=== Information shown ===
- - - - - - -

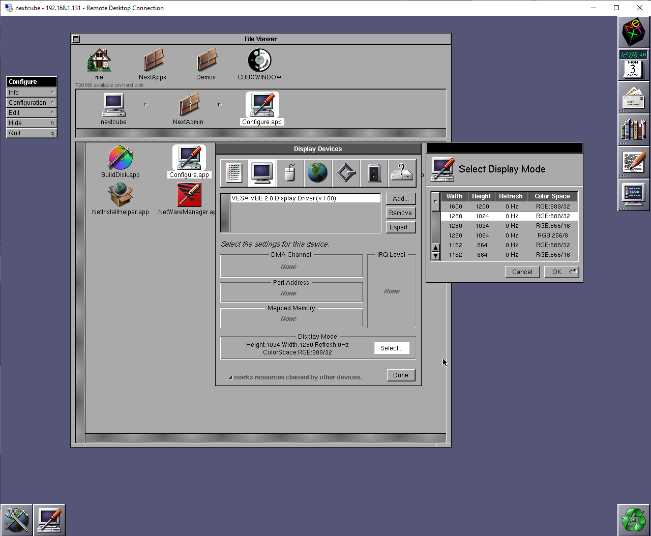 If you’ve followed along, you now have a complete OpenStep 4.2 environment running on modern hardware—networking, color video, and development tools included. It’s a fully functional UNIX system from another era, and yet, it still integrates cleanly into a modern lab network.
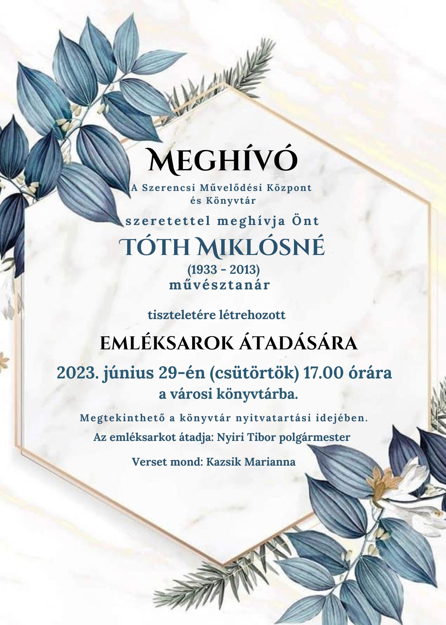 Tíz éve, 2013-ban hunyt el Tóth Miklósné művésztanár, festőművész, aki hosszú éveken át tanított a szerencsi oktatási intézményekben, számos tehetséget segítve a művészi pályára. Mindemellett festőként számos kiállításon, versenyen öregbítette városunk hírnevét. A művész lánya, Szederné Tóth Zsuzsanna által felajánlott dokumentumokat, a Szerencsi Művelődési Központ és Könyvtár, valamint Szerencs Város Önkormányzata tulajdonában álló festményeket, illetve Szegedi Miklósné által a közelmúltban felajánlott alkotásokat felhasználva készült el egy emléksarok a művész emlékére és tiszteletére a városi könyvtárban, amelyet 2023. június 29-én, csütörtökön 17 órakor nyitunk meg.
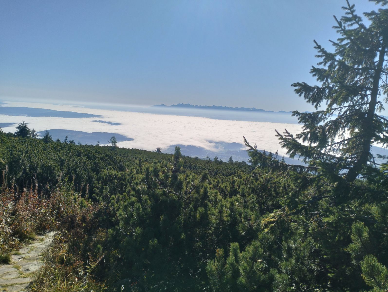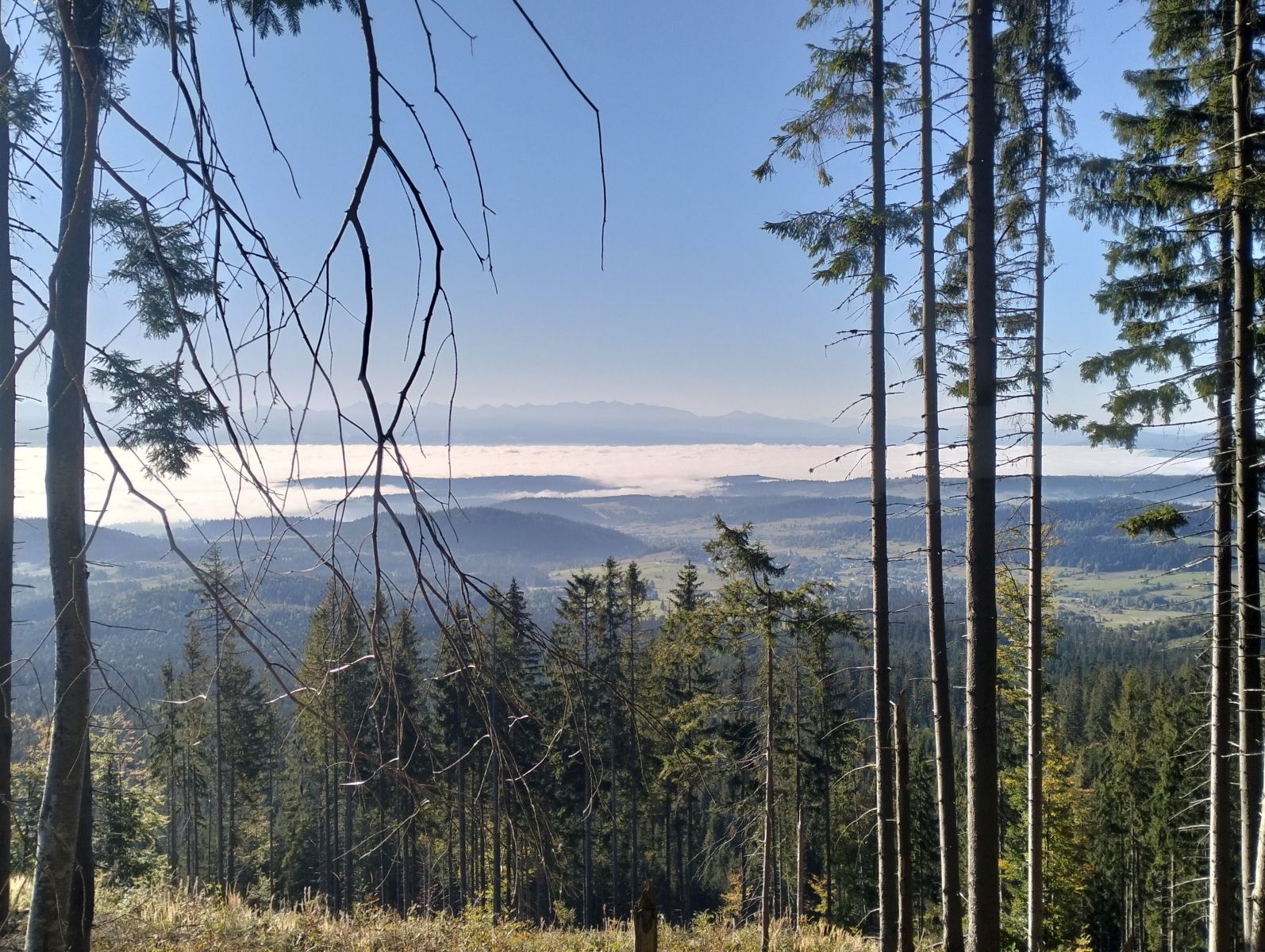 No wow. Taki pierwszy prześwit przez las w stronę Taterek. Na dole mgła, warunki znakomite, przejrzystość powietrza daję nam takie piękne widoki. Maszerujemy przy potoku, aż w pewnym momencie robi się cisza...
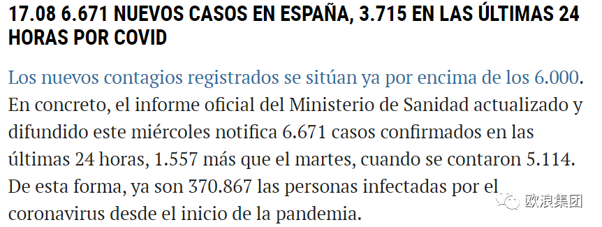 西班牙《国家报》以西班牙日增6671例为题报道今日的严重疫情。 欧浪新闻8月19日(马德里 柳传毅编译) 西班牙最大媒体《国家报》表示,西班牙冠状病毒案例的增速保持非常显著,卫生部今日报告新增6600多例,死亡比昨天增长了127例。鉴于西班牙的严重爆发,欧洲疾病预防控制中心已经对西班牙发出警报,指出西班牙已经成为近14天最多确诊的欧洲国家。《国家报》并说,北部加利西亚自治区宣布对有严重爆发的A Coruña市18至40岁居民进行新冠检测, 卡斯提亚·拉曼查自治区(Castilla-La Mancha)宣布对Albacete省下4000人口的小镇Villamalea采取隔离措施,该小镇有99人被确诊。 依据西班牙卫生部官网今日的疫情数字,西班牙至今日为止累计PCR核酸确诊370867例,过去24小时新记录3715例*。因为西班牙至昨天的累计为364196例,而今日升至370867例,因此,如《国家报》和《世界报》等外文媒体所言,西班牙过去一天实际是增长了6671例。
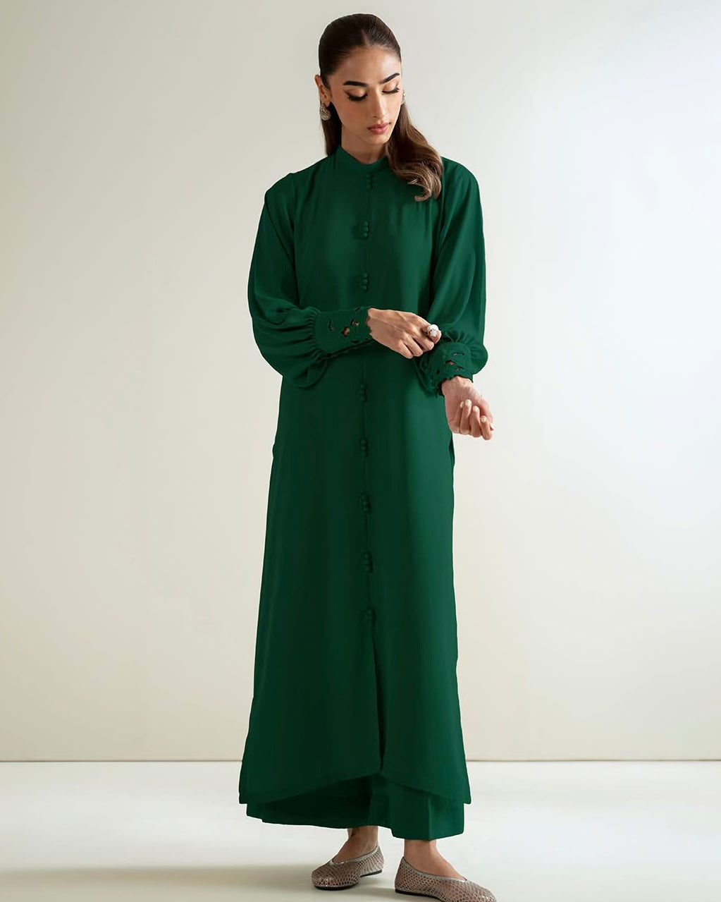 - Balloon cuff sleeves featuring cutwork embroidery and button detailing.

- - - - - - -

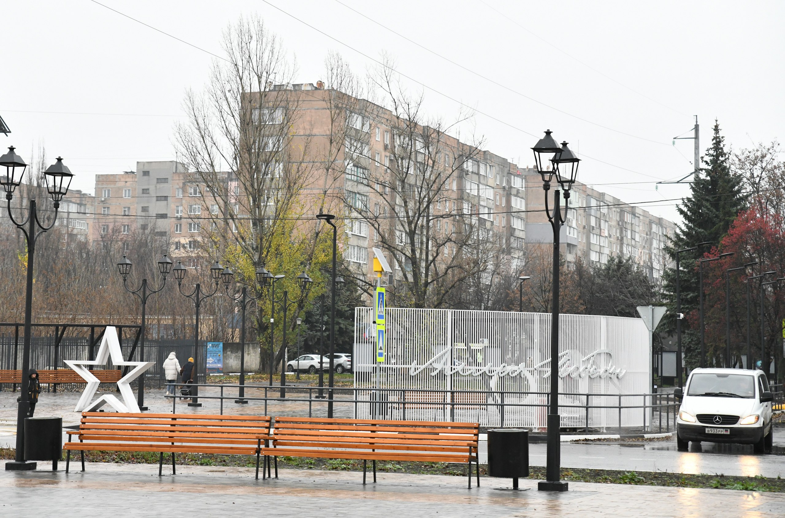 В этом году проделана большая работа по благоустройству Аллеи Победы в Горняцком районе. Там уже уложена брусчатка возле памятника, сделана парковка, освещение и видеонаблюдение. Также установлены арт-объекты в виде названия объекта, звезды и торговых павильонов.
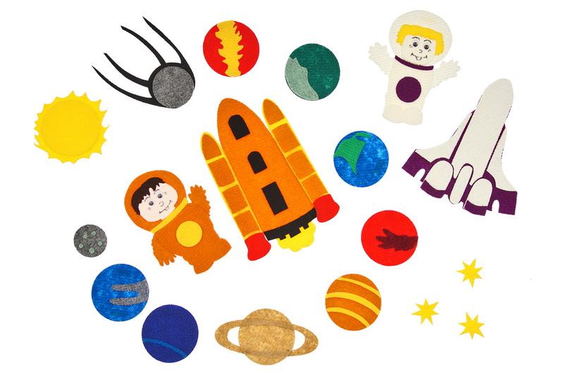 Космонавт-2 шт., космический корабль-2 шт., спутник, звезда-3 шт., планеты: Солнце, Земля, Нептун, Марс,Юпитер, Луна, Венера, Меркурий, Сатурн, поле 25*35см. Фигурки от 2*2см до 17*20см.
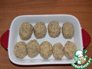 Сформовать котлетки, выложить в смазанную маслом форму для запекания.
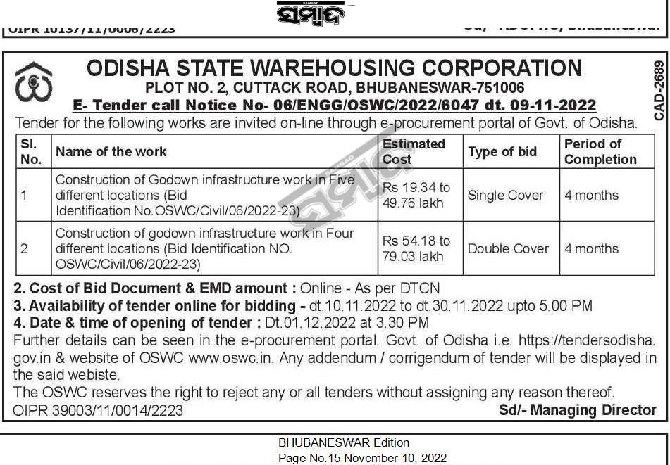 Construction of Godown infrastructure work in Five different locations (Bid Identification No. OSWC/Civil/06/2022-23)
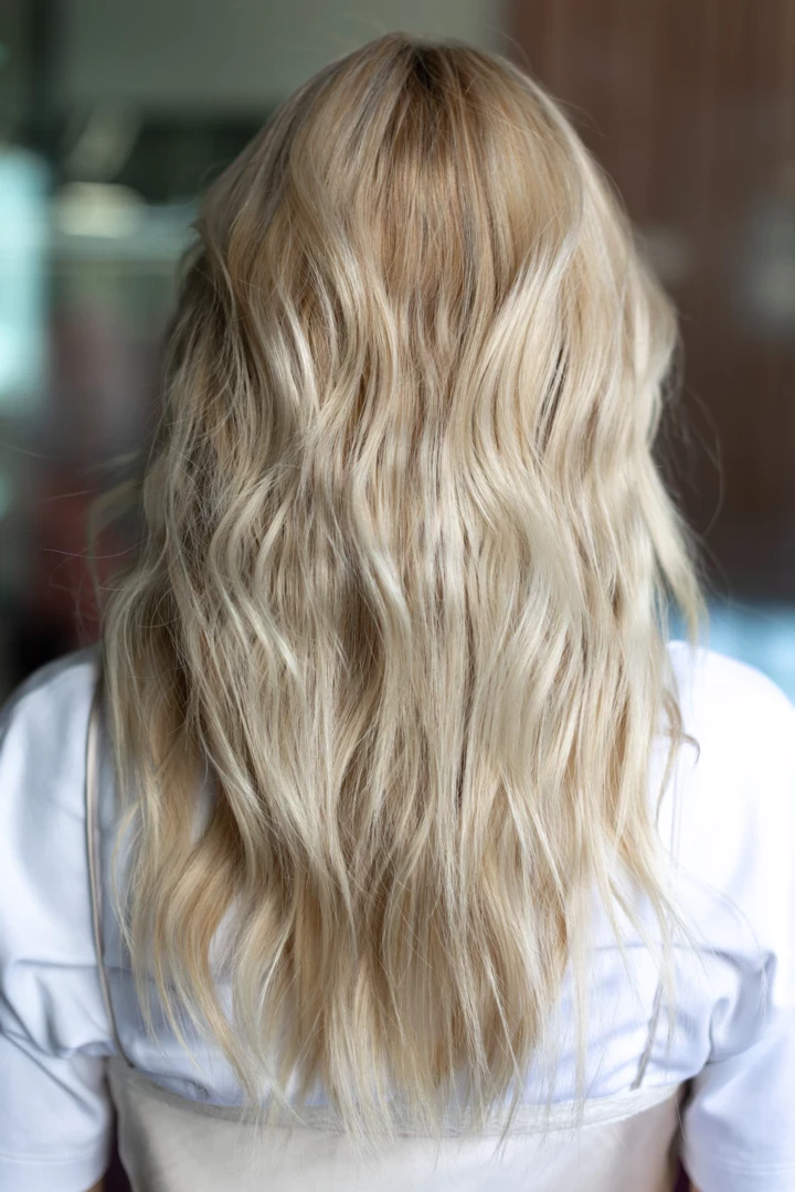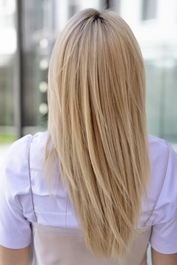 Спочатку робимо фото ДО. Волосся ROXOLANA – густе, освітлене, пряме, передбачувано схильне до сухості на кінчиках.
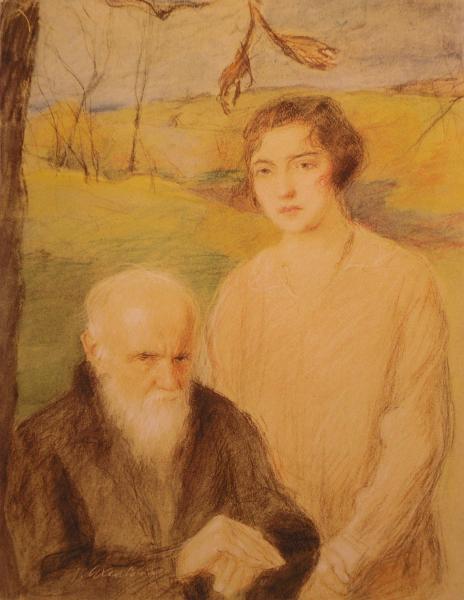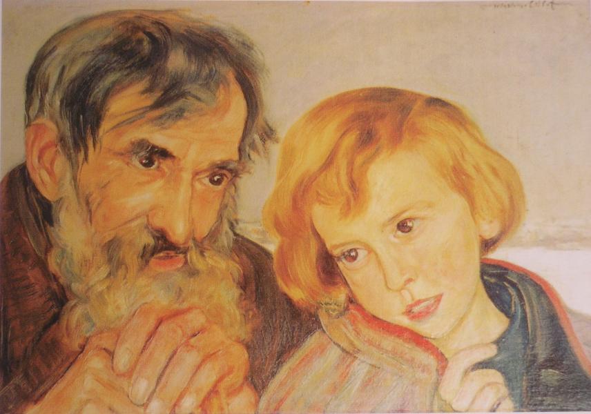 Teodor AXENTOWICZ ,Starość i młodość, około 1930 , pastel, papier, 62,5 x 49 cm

- - - - - - -

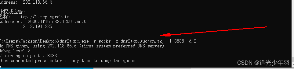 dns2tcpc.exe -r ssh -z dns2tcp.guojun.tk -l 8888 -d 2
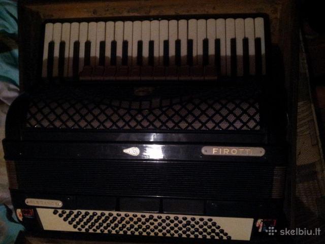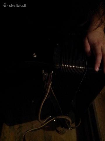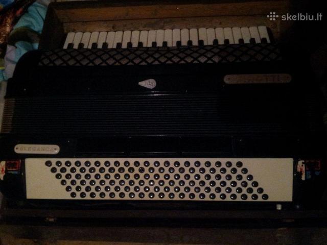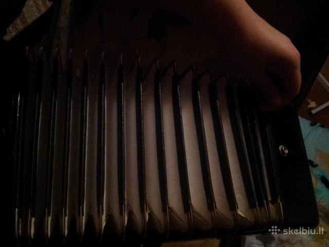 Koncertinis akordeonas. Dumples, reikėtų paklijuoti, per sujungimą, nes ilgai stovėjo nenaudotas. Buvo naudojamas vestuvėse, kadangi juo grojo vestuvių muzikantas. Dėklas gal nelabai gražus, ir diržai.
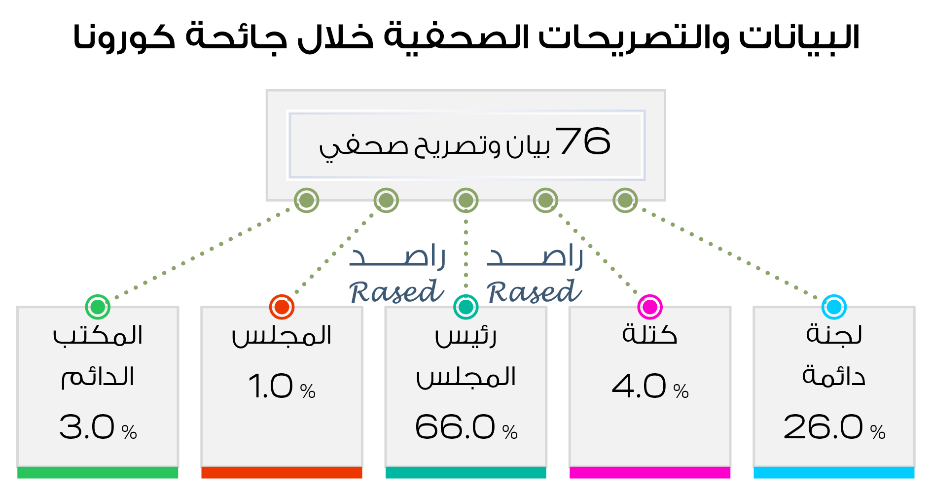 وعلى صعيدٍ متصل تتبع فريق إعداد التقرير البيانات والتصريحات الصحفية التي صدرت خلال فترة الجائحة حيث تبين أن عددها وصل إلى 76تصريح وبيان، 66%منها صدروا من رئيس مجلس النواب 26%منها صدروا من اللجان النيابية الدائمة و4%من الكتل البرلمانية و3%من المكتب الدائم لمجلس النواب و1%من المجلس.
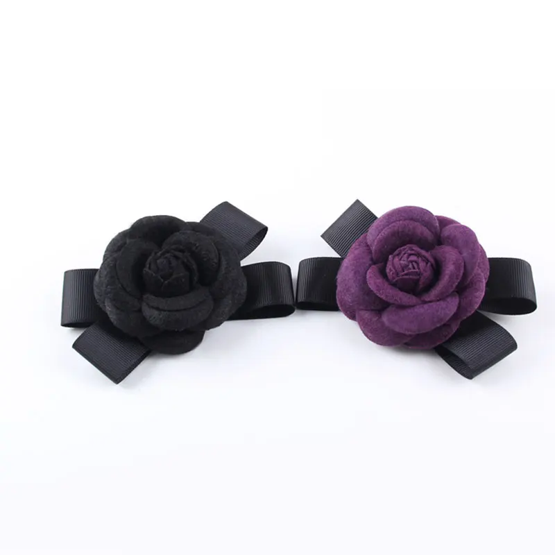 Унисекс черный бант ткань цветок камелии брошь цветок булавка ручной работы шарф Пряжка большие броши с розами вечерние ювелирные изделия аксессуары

- - - - - - -

=== Directions ===
Exact repeat of the material above: every line from the one with "dns2tcpc.exe -r ssh" through the one with "Koncertinis akordeonas. Dumples, reikėtų", endpoints included, and nothing more. No pictures.

=== Reply to the exercise ===
 dns2tcpc.exe -r ssh -z dns2tcp.guojun.tk -l 8888 -d 2
 Koncertinis akordeonas. Dumples, reikėtų paklijuoti, per sujungimą, nes ilgai stovėjo nenaudotas. Buvo naudojamas vestuvėse, kadangi juo grojo vestuvių muzikantas. Dėklas gal nelabai gražus, ir diržai.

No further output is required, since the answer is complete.